March 24, 8-9 PM, Plunkett Park
View the performance: https://youtu.be/gK5-WFcQ7A0
In honor of Women’s History Month, Melton Gallery collaborated with the School of Dance’s KD2 dancers in a one-night-only film and dance performance honoring Sojourner Truth and the true story behind the iconic speech she gave at the Women’s Rights Convention of 1851.
About the Sojourner Truth Project:
The Sojourner Truth Project is brought to you by Leslie Podell. The project was born out of a translation/transcription assignment for her “Documents as Objects” class at California College of the Arts. Leslie is a student at The California College of the Arts in San Francisco, California and is matriculated in the furniture making and design program at CCA. TheSojournerTruthProject.com is an open-source dynamic document.
About Sojourner Truth:
Sojourner Truth (1797-1883) was born Isabella Baumfree in Esopus, NY, an
area under Dutch control at the time. Sojourner and her family would have
spoken Dutch in their daily lives. English was her second language.
Truth emancipated herself and her infant daughter from slavery in 1826 and
became a preacher, abolitionist, and lifelong social justice activist.
Although she was not officially invited, Truth attended the Akron, Ohio
Women’s Rights Convention in 1851 and spoke her mind. The sentiments in
her speech reverberate today.
The first version of her speech was published a month later by Marius
Robinson, editor of The Anti-Slavery Bugle.
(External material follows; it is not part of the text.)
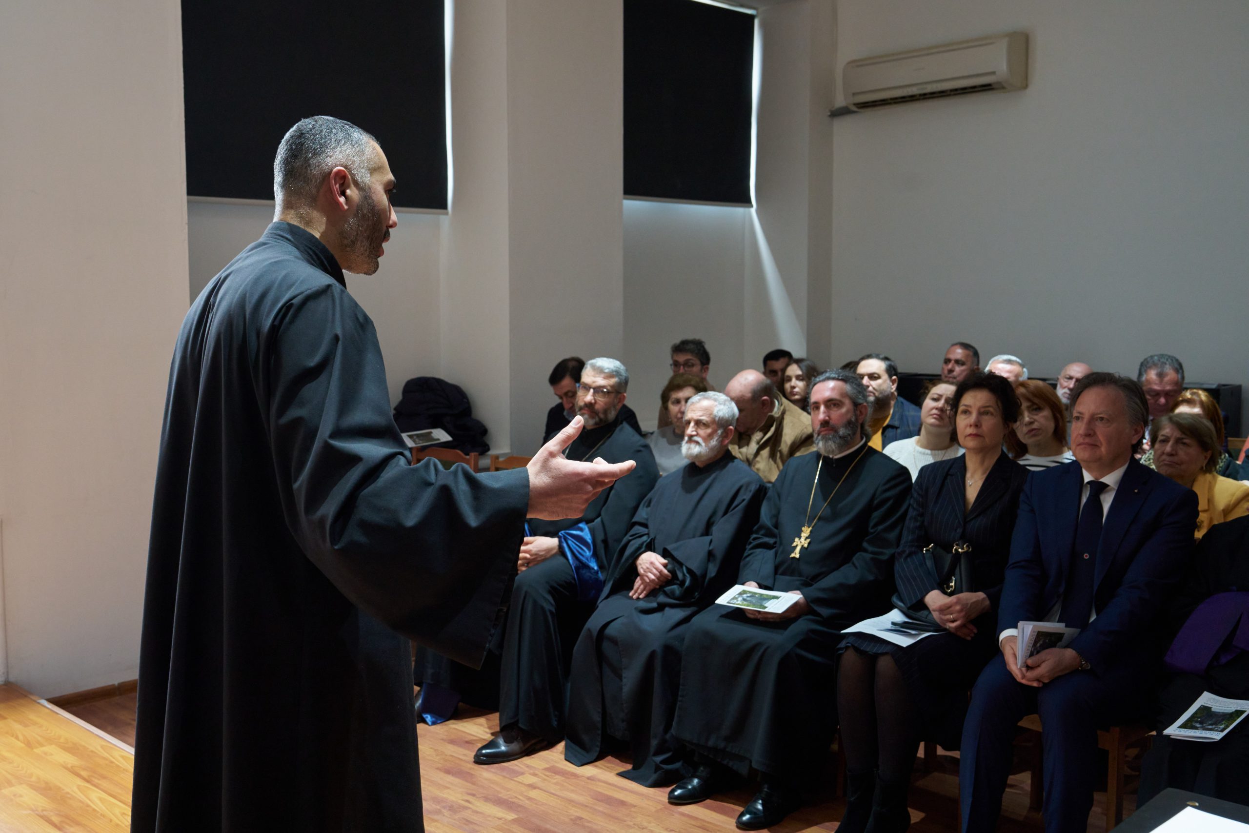 «Մեծ հուզումով է, որ այսօր ձեզ հետ եմ՝ այսպիսի մեծ անձնավորության նվիրված այսօրվա միջոցառմանը: Չգիտեմ, թե վերջին երեք հարուր տարիներին ուրիշ ում մասին է այսքան հիշատակվում հայ ազգի հավաքական հիշողության մեջ, որքան Մխիթար Սեբաստացի Աբբահոր: Այս անձը յուրահատուկ է, որ այնպիսի մի դրոշմ է թողնել այս երեք հարյուր տարիների ընթացքում, որ միշտ հայագիտական ուսումնասիրությունների կենտրոնում է: Բայց ես այսօր ուզում եմ առավել ձեր ուշադրությունը հրավիրել Մխիթար Սեբաստացու սրբության վրա, քան թե նրա թողած հսկայական մշաակութային ժառանգության վրա: Գիտեք, որ Կաթողիկէ Եկեղեցին հատուկ մի գործընթաց ունի՝ որևէ անձի Ընդհանրական Եկեղեցու սուրբ հռչակելու համար, և հիմա Մխիթար Աբբահոր սրբադասման գործընթացը բավական լավ է առաջ ընթանում: Հուսանք, որ մոտ ապագայում դա անպայման տեղի պիտի ունենա: Կուզենայի ասել, որ մեր հավաքական գիտակցության մեջ սուրբի և սրբության գաղափարը միշտ ընկերանում է հատուկ կարողության, օրինակ՝ հիվանդություններից բուժման հրաշքներին: Մխիթիար Աբբահոր պարագայում հիվանդությունների բուժման հիշատակություններ չկան, բայց ինքը և իր ընկերակից միաբանները, նրա աշակերտները ժրաջան մշակներն ու պահապանները եղան հայ մշակութային հսկա ժառանգության: Սա ևս սրբության հռչակման մի ճանապարհ է, որ Եկեղեցին անշուշտ ի նկատի առնում է մեծ ուշադրությամբ և սիրով: Անհերքելի է նաև Մխիթար Աբբահոր անձնական կյանքի սրբությունը, սրբակեցություն, որը լռության մեջ է մինչ օրս, չի բարձրաձայնվում մխիթարյան հայրերի կողմից: Բայց պետք չէ, որ մեր տեսադաշտից հեռու մնա այս թաքնված սրբությունը՝ հայ մշակույթին նվիրված խոնարհ անձի սրբությունը: Մխիթար Աբբահայրը սրբի տիպար է, որը պետք է ընդունել որպես կտակ և առատացնել, շարունակել: Նաև հատկանշական է, որ իր ամբողջ սուրբ առաքելությունը կատարել է օտար ափերում՝ աննկարագրելի դժվարություններով: Չգիտեմ, թե ուրիշ ինչ ժողովուրդ կա աշխարհում, որ հայի չափ պաշտամունք է ունեցել իր ու գրականության և այդ ոլորտի մշակների նկատմամբ: Հուսով ենք, որ Մխիթարյան Միաբանության վանքերում դեռ պիտի լինեն շատ երիտասարդեր, ովքեր կհագնեն Մխիթար Աբբահոր սքեմը և գոտին և կանցնեն ծառայության հայ ազգին և Աստծուն»:

Robinson had attended the
convention and recorded Truth’s words himself. It did not include the
question “Ain’t I a woman?” even once.
Frances Dana Gage was a white abolitionist, women’s rights advocate, and
fellow attendee of the Ohio Women’s Rights Convention. She published
her version of Truth’s speech entitled, “Ar’n’t I a woman?” 12 years later to
try to grow support for women’s rights. Unfortunately, Gage changed all of
Sojourner Truth’s words and manipulated her speech to include a caricature
of the dialect used by Southern enslaved people, reinforcing racist
stereotypes. Sojourner would have spoken in a distinct New York State low Dutch accent.
Until recently, Gage’s inaccurate version has been accepted as historical
fact. In 2017, Leslie Podell published The Sojourner Truth Project which
compares Truth’s speech with Gage’s version and includes readings in an
Afro-Dutch dialect to create a historically correct understanding of the way
Truth actually spoke.
Kaleidoscope Dance 2 (KD2) is an apprentice company for students in
the Department of Dance and open to students across campus who are
interested in dance performance. Company members meet four days a
week and are in engaged in a full company experience including company
class, auditions for guest works, performances, and the opportunity to
choreograph. Recent performances include the Oklahoma City Festival
of the Arts, the Oklahoma High School Dance Festival, “Alice” in
collaboration with the Department of Theatre, and in the UCO Department
of Dance Kaleidoscope Dance Concerts.